A porta-voz do Bloco de Esquerda (BE) Catarina Martins classificou hoje como uma «ameaça para levar a sério» a redução do custo de trabalho nas empresas, que o primeiro-ministro Passos Coelho disse ser uma reforma a concretizar.

«Temos uma ameaça que devemos levar a sério», disse Catarina Martins perante cerca de uma centena de militantes e simpatizantes do BE, num jantar comemorativo dos 16 anos da fundação da distrital de Coimbra daquela força partidária.

Catarina Martins criticou a afirmação de Passos Coelho de que o custo de trabalho nas empresas ainda é muito elevado em Portugal, contrapondo que ele é «menos de metade de Espanha e muito menos de metade da zona Euro».

«Queremos competir com quê, com os baixos salários do Bangladesh», questionou.

O primeiro-ministro, Pedro Passos Coelho, apontou na quinta-feira a redução do custo do trabalho para as empresas como uma reforma por fazer e afirmou que a quer concretizar nos próximos anos, com o apoio da União Europeia.

Durante uma conferência sobre investimento em Portugal, realizada nas instalações da Fundação Champalimaud, em Lisboa, considerou que «hoje o custo do trabalho para as empresas ainda é muito elevado», acrescentando: «Essa foi talvez a única importante reforma que não conseguimos completar neste domínio fiscal durante estes quatro anos.
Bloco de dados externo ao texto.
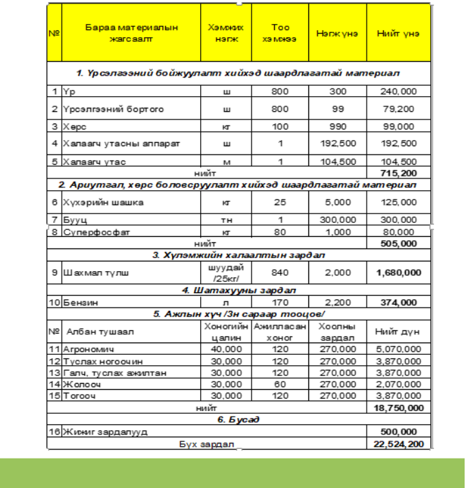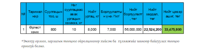 Тариалалт хийх талбайн хэмжээ: 500 м.кв өвлийн хүлэмж
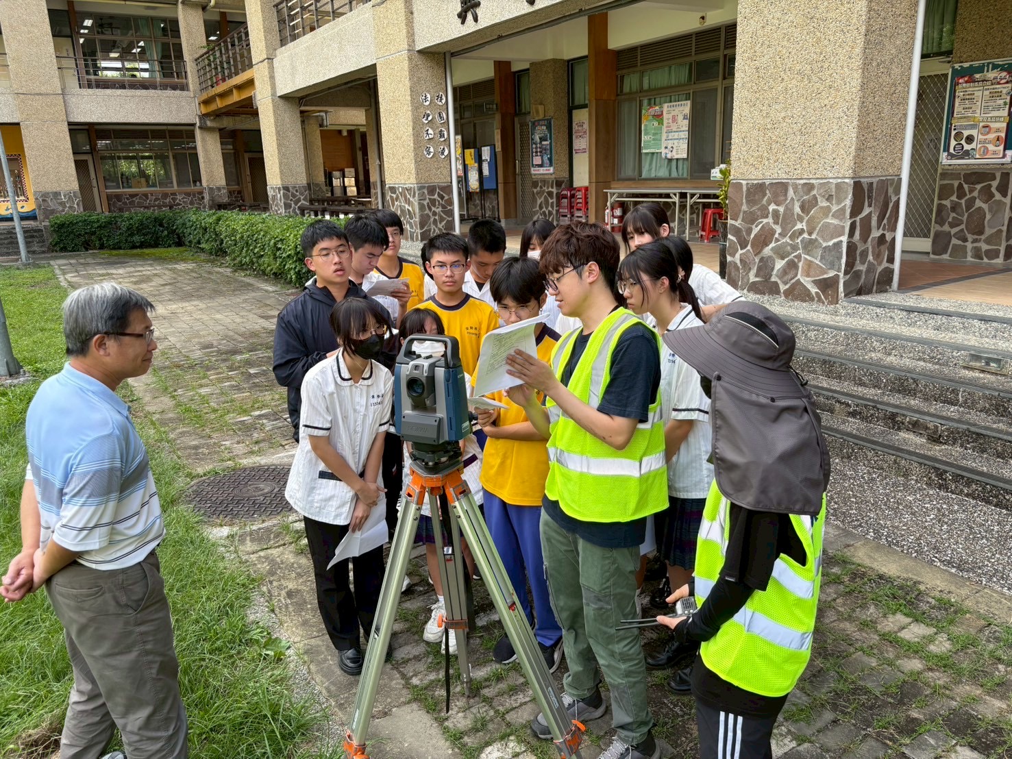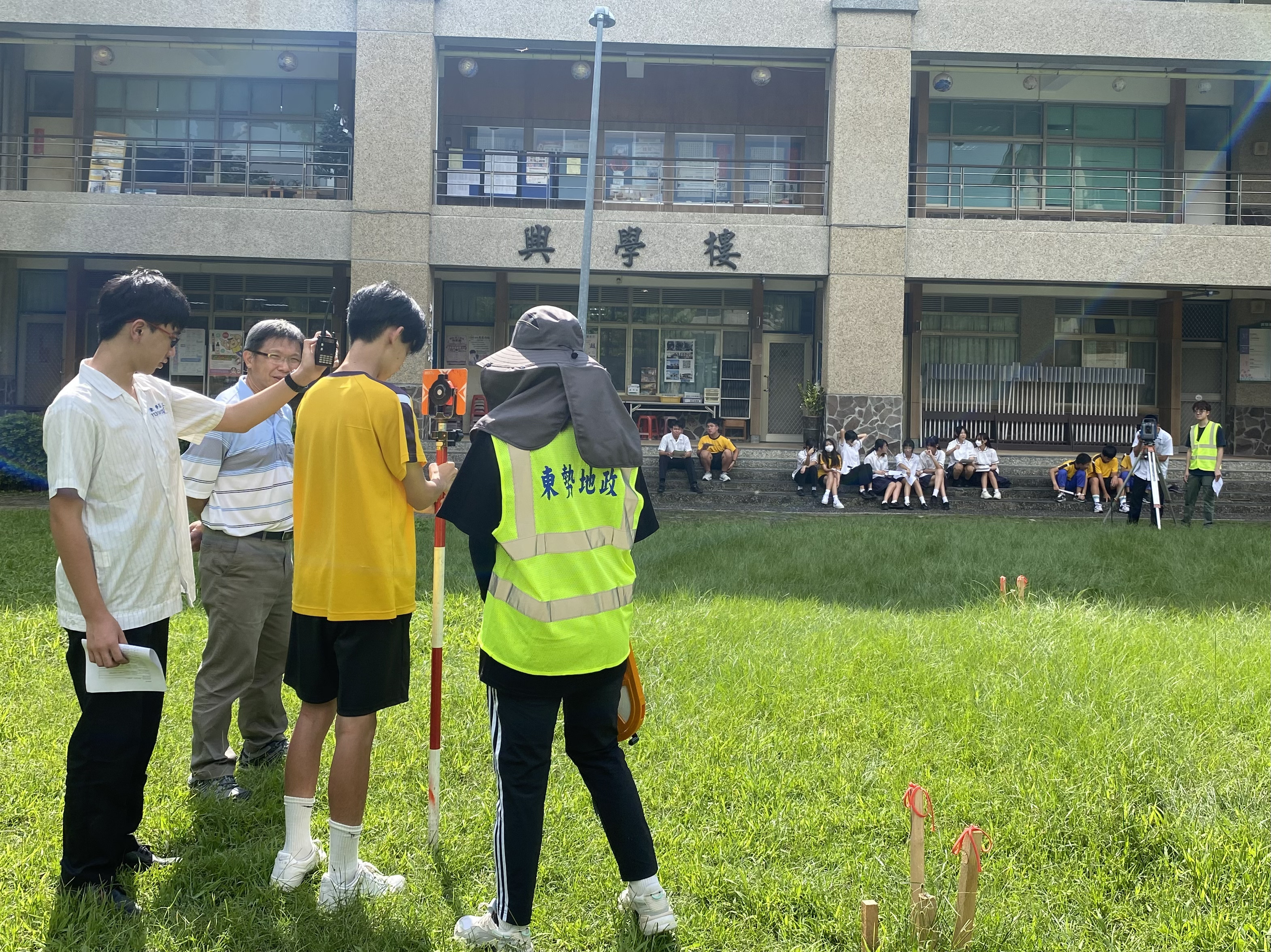 東勢地政事務所推動學徒制傳承,讓技職教育從校園延伸至職場,打造跨域沉浸式的學習體驗。昨(11)日於東勢高工建築科專案實作中,測量人員手把手指導學生,從控制點布設到使用經緯儀完成測量放樣,讓學子不僅學到課本知識,更獲得實務技能。此舉不僅提升學生專業能力與視野,也為未來職涯鋪路,展現市府結合教育資源,提升學子的學習效益。

Mas será um objetivo seguramente importante para cumprir nos próximos anos».

A porta-voz do Bloco de Esquerda frisou ainda que o país sofreu, nos últimos anos, uma «compressão brutal» dos salários: «se houve coisa que em Portugal desceu foram os custos do trabalho», argumentou.

«Aliás, Portugal foi o país que mais comprimiu os custos de trabalho na zona Euro no último trimestre de 2014. O Governo não tem feito outra coisa que não comprimir os custos de trabalho», adiantou.

Para Catarina Martins, «a promessa» de Passos Coelho de «cortar mais» nos custos de trabalho «tem um nome: TSU [Taxa Social Única]».

De acordo com a dirigente do BE, o Governo não conseguiu aprovar as alterações àquela taxa, lembrando o mês de setembro de 2012, «quando um milhão saiu à rua contra um corte na TSU dos patrões, para que quem trabalha pagasse mais, mas não desistiu».

«Cortou tanto ou mais com as outras medidas todas à volta e agora chega ao fim da legislatura e apresenta-se ao país, ameaçando o país, de que o seu projeto continua a ser esse. Baixar os custos de trabalho, descapitalizar a Segurança Social, retirar a proteção a quem trabalha», acusou.